- TASK GOAL -
Copy nothing before the line that contains "- Usiner les"; from there, transcribe each line exactly through the end of the material, omitting pictures.
DATA PROVIDED START
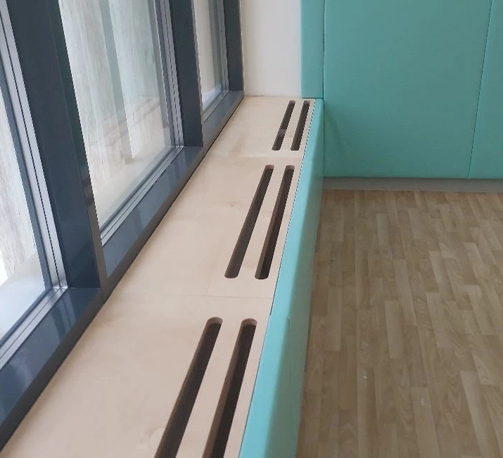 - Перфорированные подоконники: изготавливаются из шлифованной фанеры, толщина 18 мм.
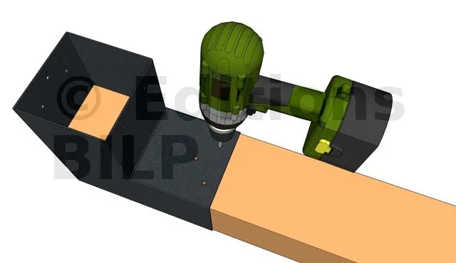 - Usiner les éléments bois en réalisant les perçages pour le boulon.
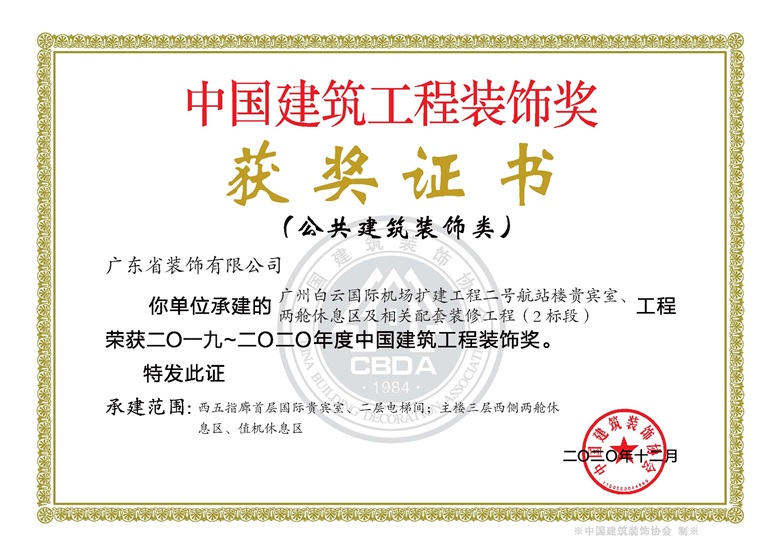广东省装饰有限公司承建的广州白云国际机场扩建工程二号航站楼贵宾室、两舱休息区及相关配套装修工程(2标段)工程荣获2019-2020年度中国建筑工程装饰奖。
DATA PROVIDED END
- FINAL ANSWER -
 - Usiner les éléments bois en réalisant les perçages pour le boulon.
广东省装饰有限公司承建的广州白云国际机场扩建工程二号航站楼贵宾室、两舱休息区及相关配套装修工程(2标段)工程荣获2019-2020年度中国建筑工程装饰奖。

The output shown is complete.